Gov Aliyu Kicks Against Banning Of Almajiri System

Niger state governor Dr. Babangida Aliyu has
dismissed the senate president David Mark's call
for the banning of the Almajiri system of
education, as he opined that the solution to the
system is not the banning "because you don't
ban a culture without having a replacement."
Speaking when the Senate Committee on
Education paid him a courtesy visit in his office
in Minna, Monday, the governor said many vital
issues like their religion, culture and settlement
have to be taken into consideration before
thinking of banning the system.
"It is not just something you just wake up and
say ban. It is the same thing like the Normadic
schools introduced by the federal government
some years ago and because we did not pay
attention to their culture and religion, major
problems started coming up and this is why the
programme is not succeeding," he noted.
"If we can have a way where the federal, state
and local governments can come to the aid of
these people by absolving them and their
teachers into normal school system so that
people will not think we want to kill their
religion by banning what they consider their
culture and that is why we have to think deeply
about that."
Aliyu also kicked against the building of Almajiri
schools pointing out that this will not solve the
problem because it will look to them as if they
are being stigmatized.
"I agree that there is the need to do something
about the Almajiri system but I feel that with
the way we are doing it now by just building
Almajiri schools, it will not solve the problem.

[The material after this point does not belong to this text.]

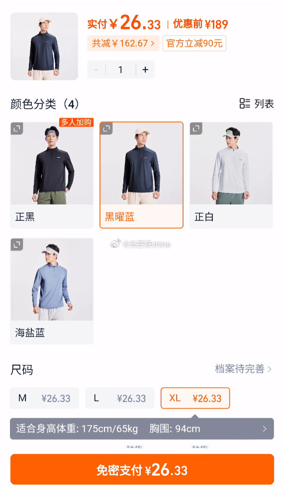 鸿星尔克2026春季新款男士半拉链长袖T恤速干防晒运动服

They must be treated as citizens and not to make
it look like a stigma and we have to sit down and
look at these and it is not the question of
banning but a question of what do we do to
make sure they are all absorbed into the formal
school system," the governor remarked.
Governor Aliyu also took a swipe at the nation's
school curriculum and called for its immediate
review.
According to him, "certificate does not make a
man; certificate does not do the work but it is
the person who does the work and this is why we
need to pay less attention on certificate which
many students are now desperate to acquire but
rather pay attention on what they can produce."